Finite Element Analysis of Ramming in Ovis canadensis

[+] Author and Article Information
Parimal Maity1

Department of Mechanical Engineering, Composite Vehicle Research Center, Michigan State University, 2727 Alliance Drive, Lansing, MI-48910parimal.iitk@gmail.com

Srinivasan Arjun Tekalur

Department of Mechanical Engineering, Composite Vehicle Research Center, Michigan State University, 2727 Alliance Drive, Lansing, MI-48910

1

Corresponding author.

J Biomech Eng 133(2), 021009 (Jan 31, 2011) (9 pages) doi:10.1115/1.4003321 History: Received July 20, 2010; Revised November 22, 2010; Posted December 22, 2010; Published January 31, 2011; Online January 31, 2011

The energy produced during the ramming of bighorn sheep (Ovis canadensis) would be expected to result in undesirable stresses in their frontal skull, which in turn would cause brain injury; yet, this animal seems to suffer no ill effects. In general, horn is made of an α-keratin sheath covering a bone. Despite volumes of data on the ramming behavior of Ovis canadensis, the extent to which structural components of horn and horn-associated structure or tissue absorb the impact energy generated by the ramming event is still unknown. This study investigates the hypothesis that there is a mechanical relationship present among the ramming event, the structural constituents of the horn, and the horn-associated structure. The three-dimensional complex structure of the bighorn sheep horn was successfully constructed and modeled using a computed tomography (CT) scan and finite element (FE) method, respectively.

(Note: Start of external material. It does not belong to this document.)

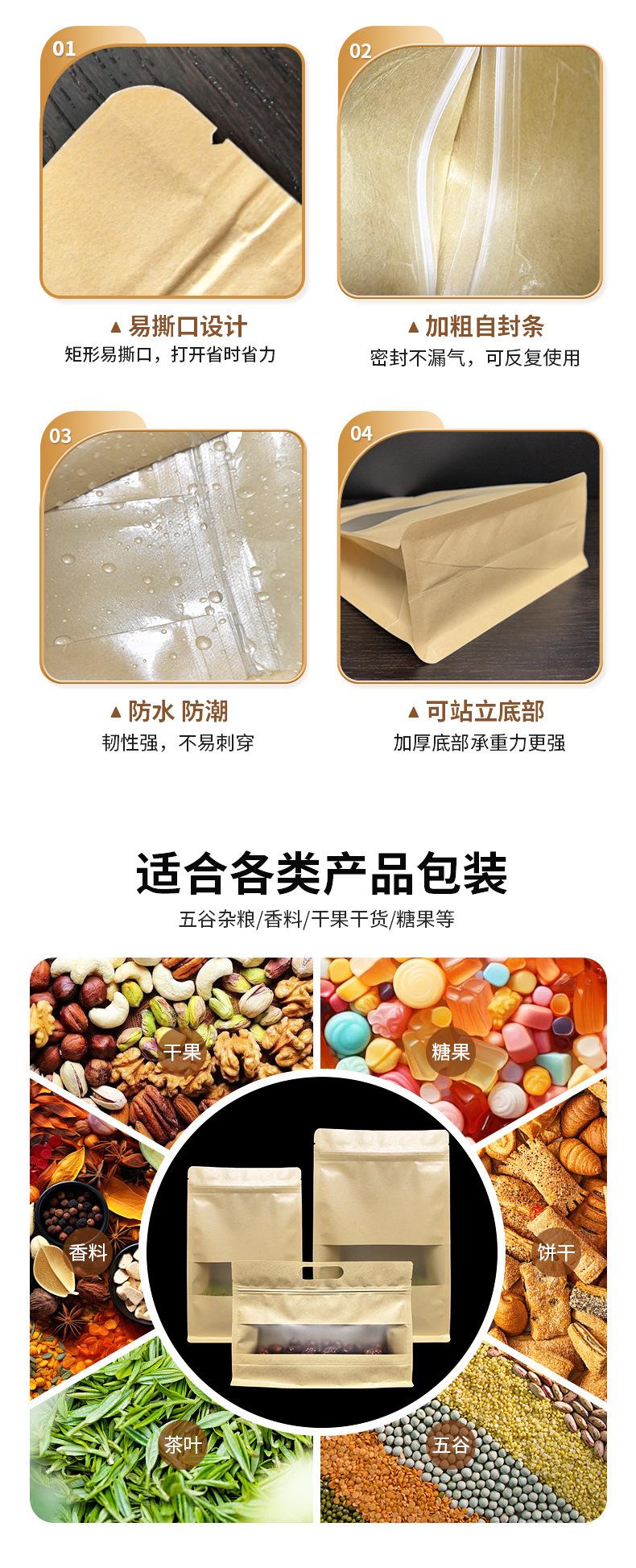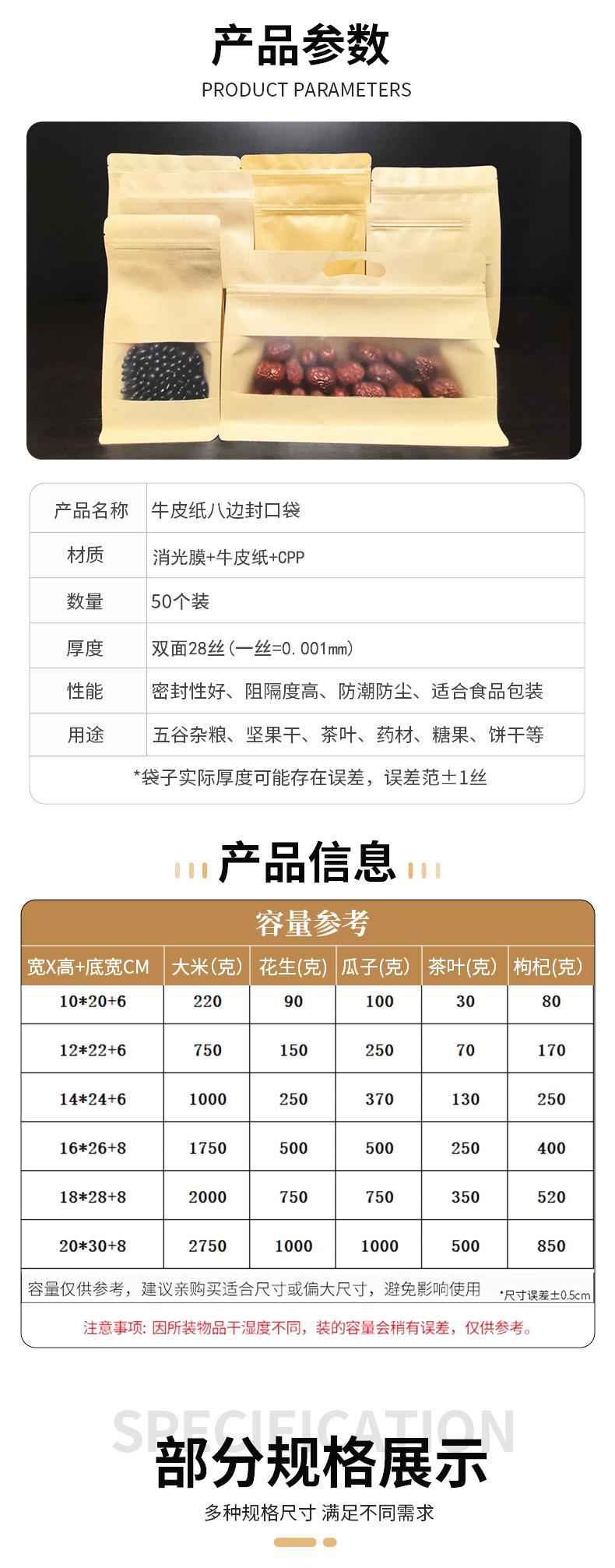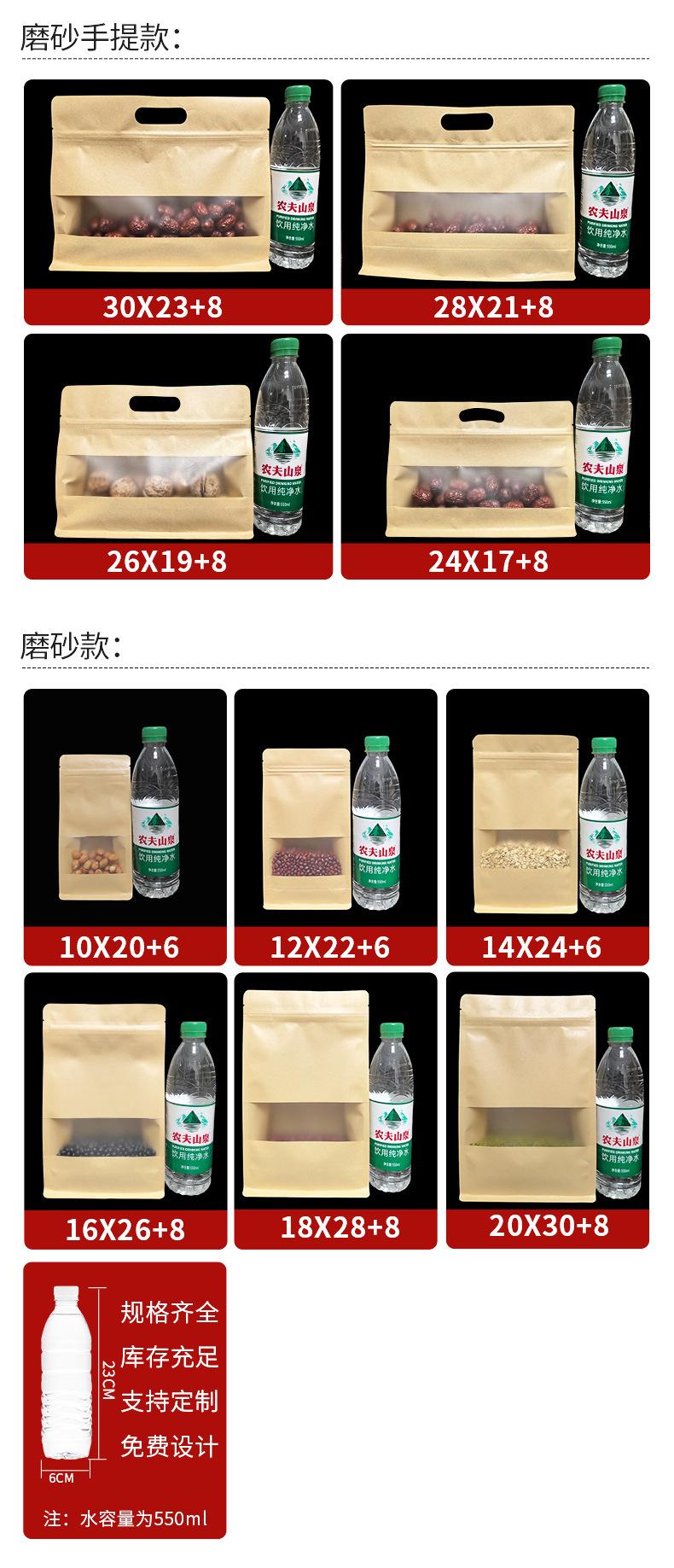 Bolsa de papel kraft, bolsa autosellante, bolsa independiente, sello de ocho lados, ventana esmerilada, bolsa para envasar té, nueces, alimentos, personalizada, al por mayor

Three different three-dimensional quasi-static models, including a horn model with trabecular bone, a horn model with compact bone that instead of trabecular bone, and a horn model with trabecular bone as well as frontal sinuses, were studied. FE simulations were used to compare distributions of principal stress in the horn and the frontal sinuses and the strain energy under quasi-static loading conditions. It was noticed that strain energy due to elastic deformation of the complex structure of horn modeled with trabecular bone and with trabecular bone and frontal sinus was different. In addition, trabecular bone in the horn distributes the stresses over a larger volume, suggesting a mechanical link between the structural constituents and the ramming event. This phenomenon was elucidated through the principal stress distribution in the structure. This study will help designers in choosing appropriate material combinations for the successful design of protective structures against a similar impact.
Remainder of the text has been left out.